Supplied material:
"""

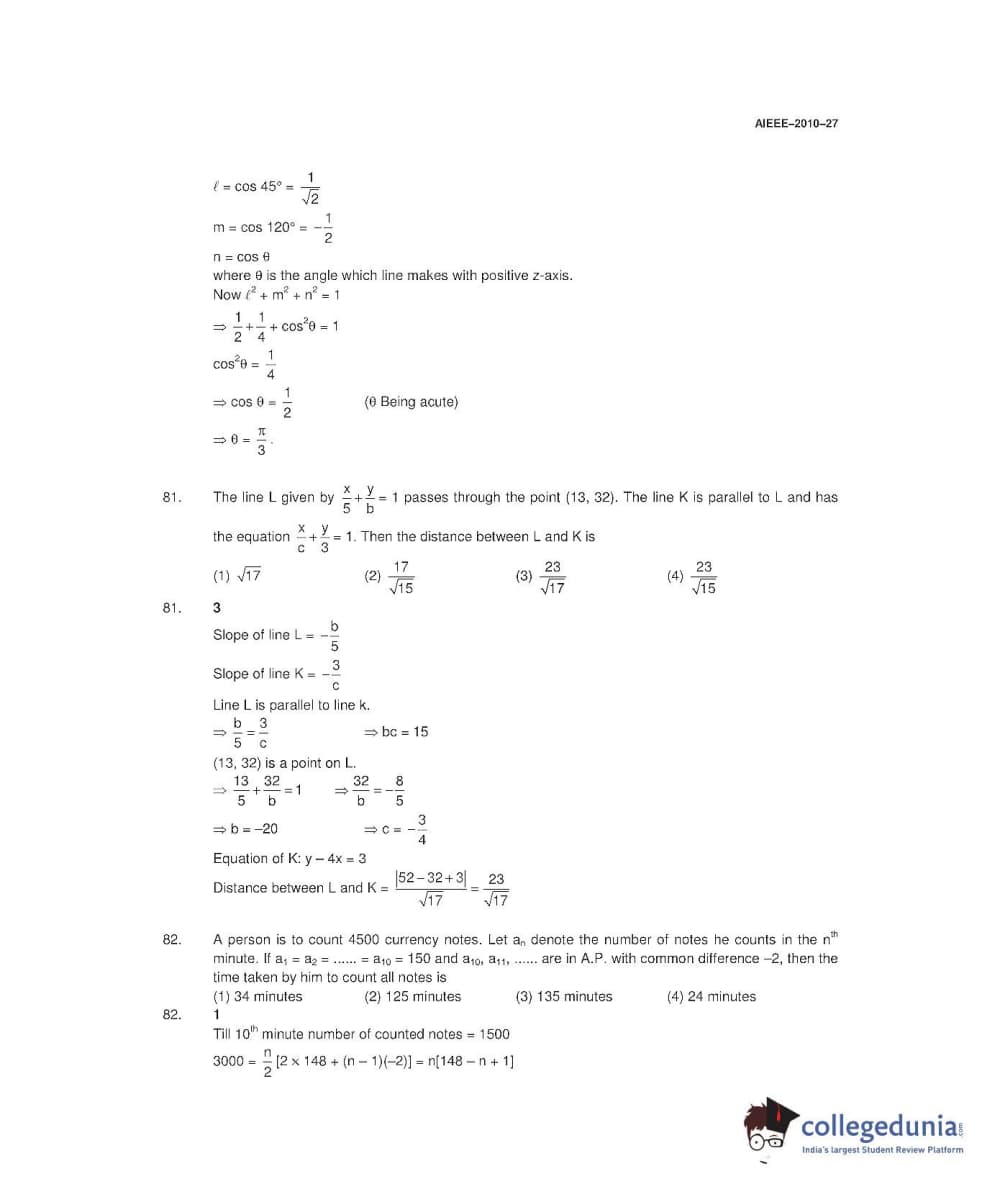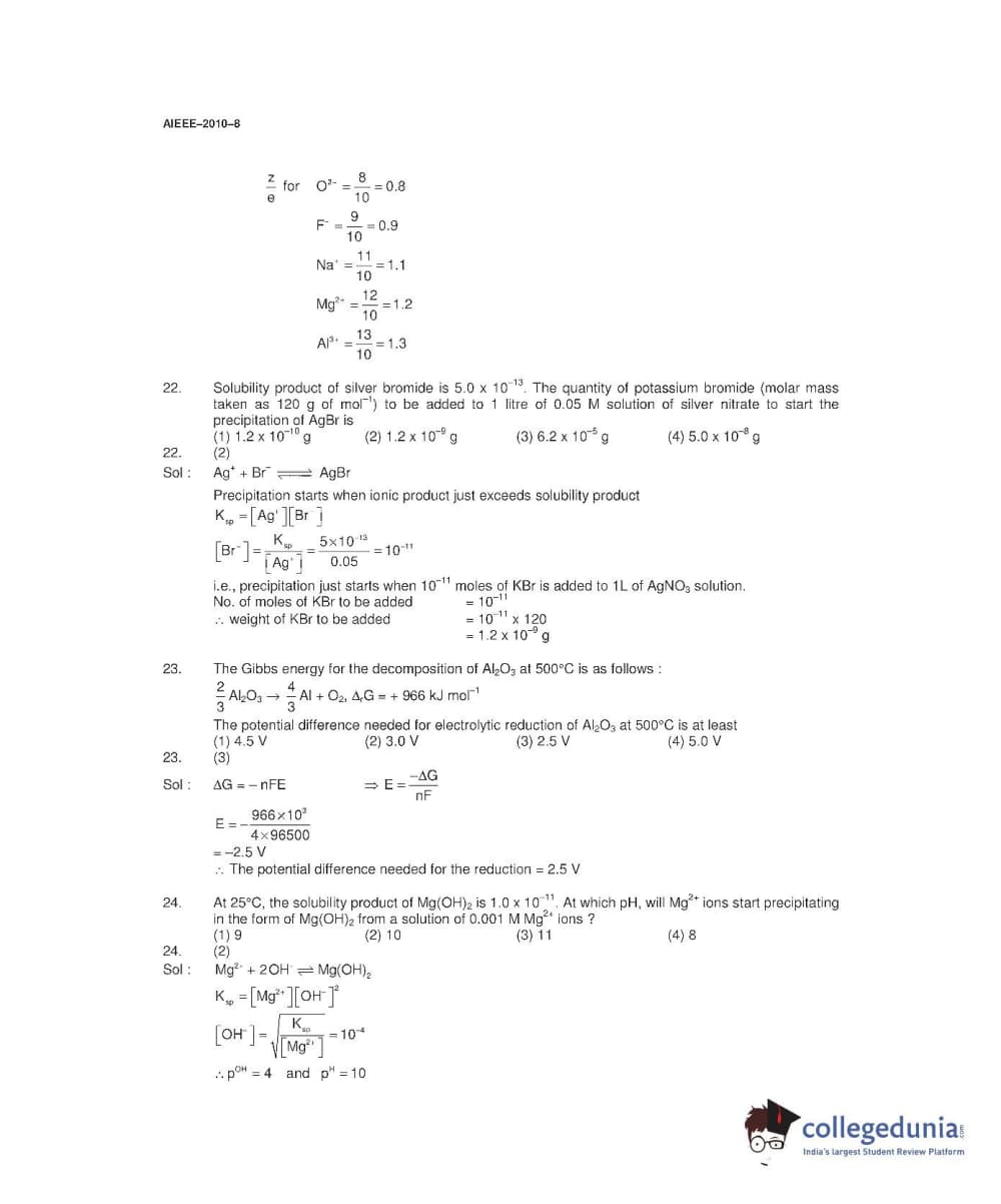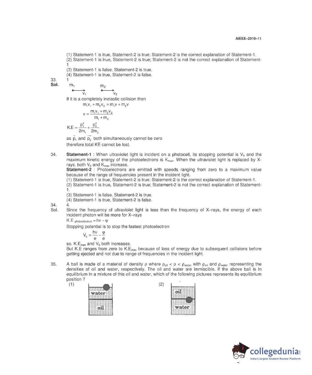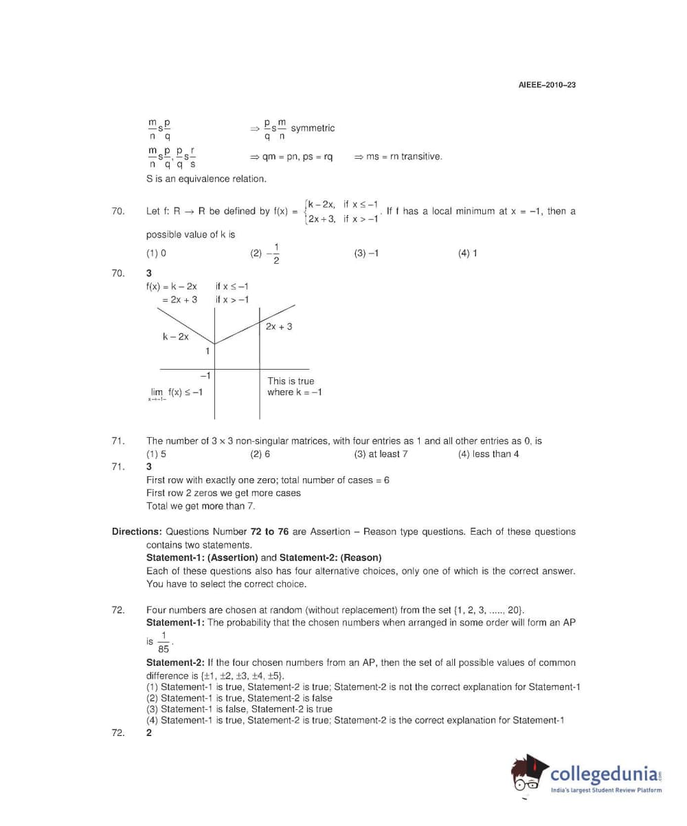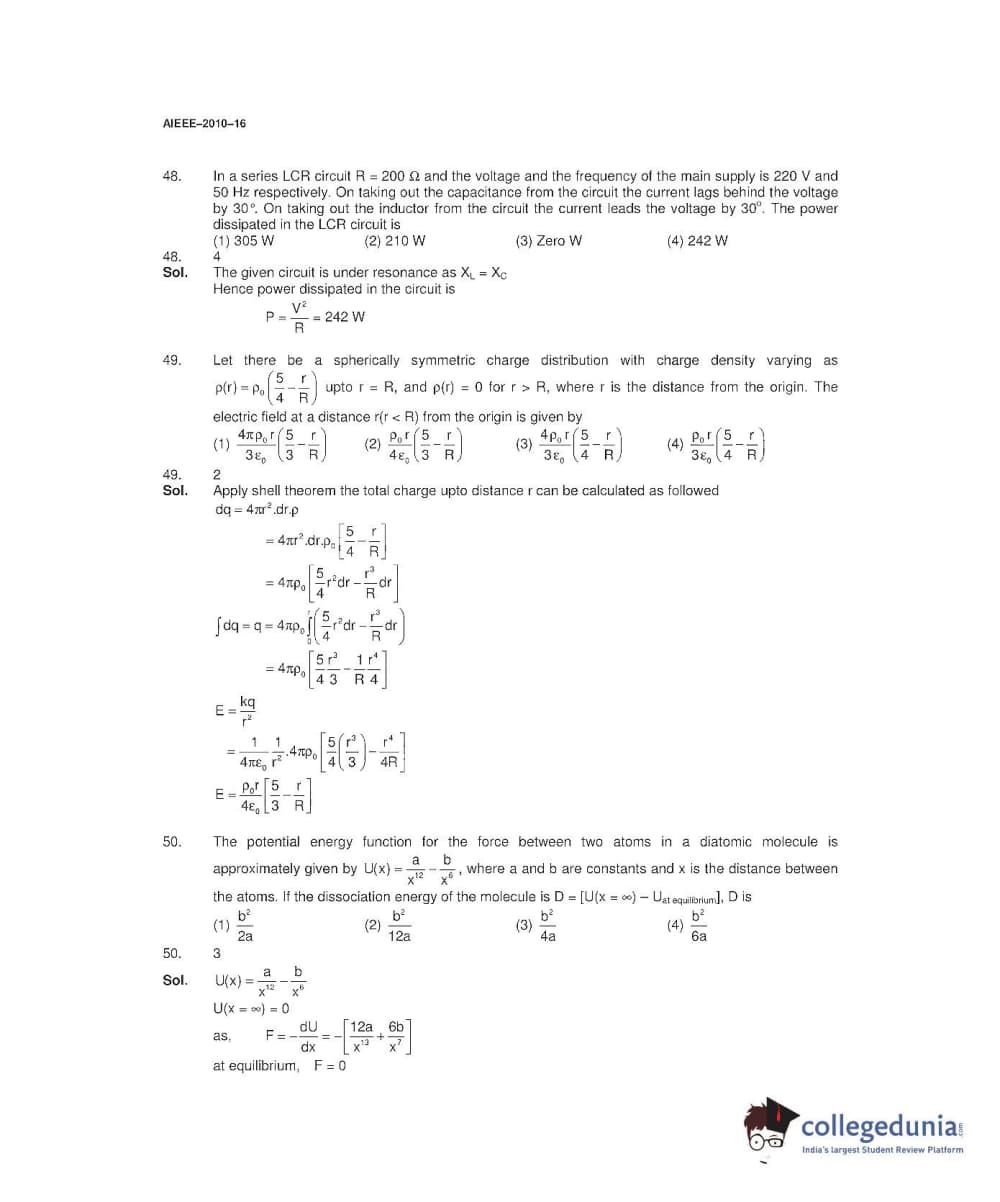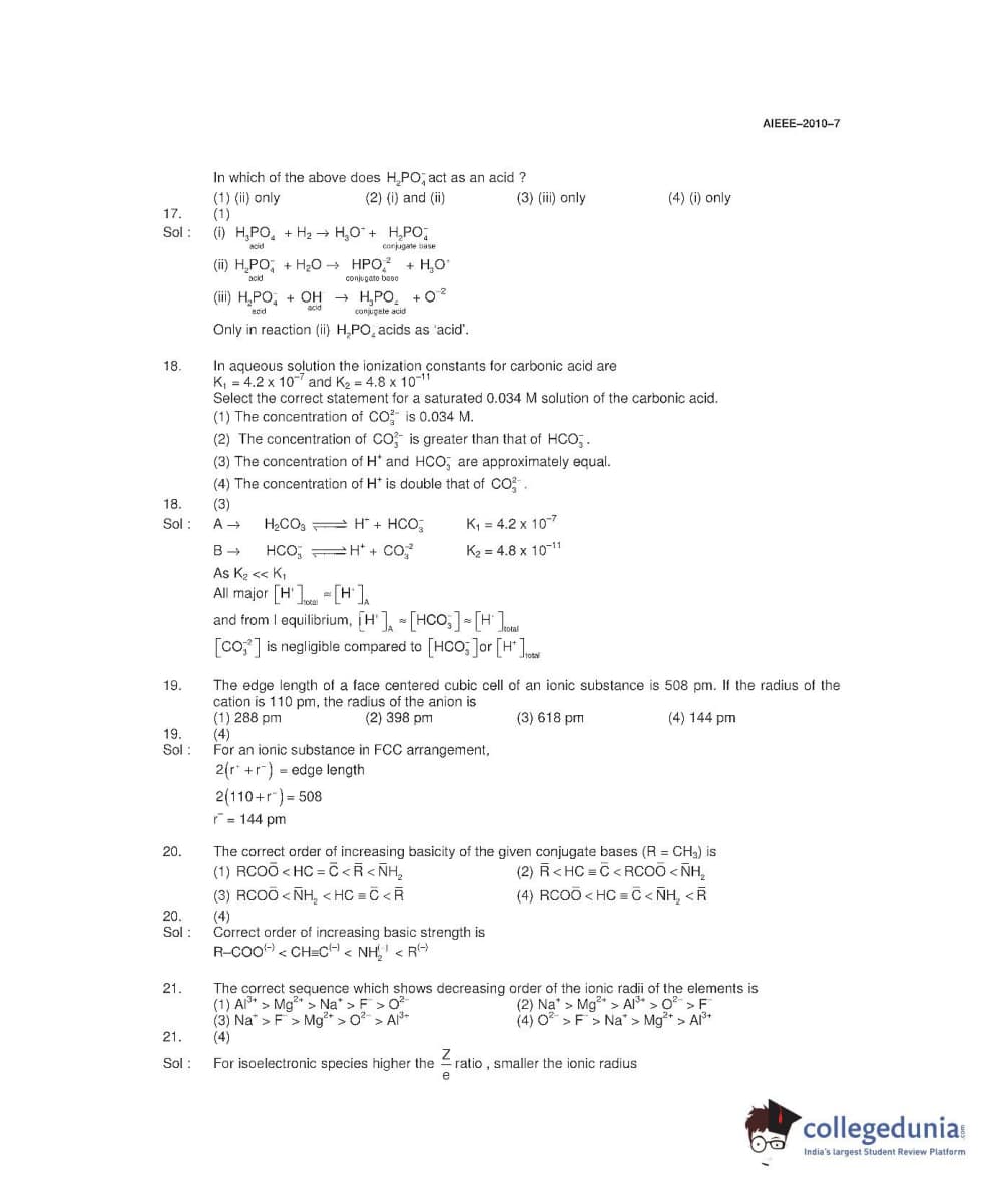 AIEEE 2010 Question paper with Answer Key PDFs - April 11
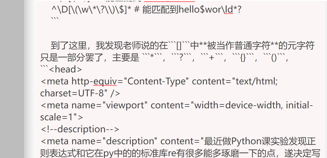 到了这里,我发现老师说的在```[]```中**被当作普通字符**的元字符只是一部分罢了,主要是 ```*```,```?```,```+```,```{}```,```()```,```$``` 这些元字符。
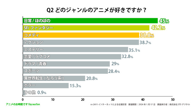 Q2 最も多かった回答が「日常/ほのぼの」で45%、次点で「コメディ」が38.8%という結果になりました。
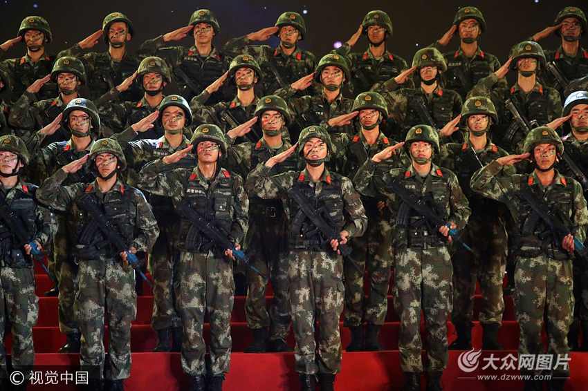 6月28日,濱州,在慶祝建黨96周年“激情放歌頌黨恩”千名黨員演唱會上,武警戰士荷槍表演大合唱《當那一天來臨》。

"""

Your assignment:
An exact reproduction of the data is required, with pictures excluded.

Result of the exercise:
 AIEEE 2010 Question paper with Answer Key PDFs - April 11
 到了这里,我发现老师说的在```[]```中**被当作普通字符**的元字符只是一部分罢了,主要是 ```*```,```?```,```+```,```{}```,```()```,```$``` 这些元字符。
 Q2 最も多かった回答が「日常/ほのぼの」で45%、次点で「コメディ」が38.8%という結果になりました。
 6月28日,濱州,在慶祝建黨96周年“激情放歌頌黨恩”千名黨員演唱會上,武警戰士荷槍表演大合唱《當那一天來臨》。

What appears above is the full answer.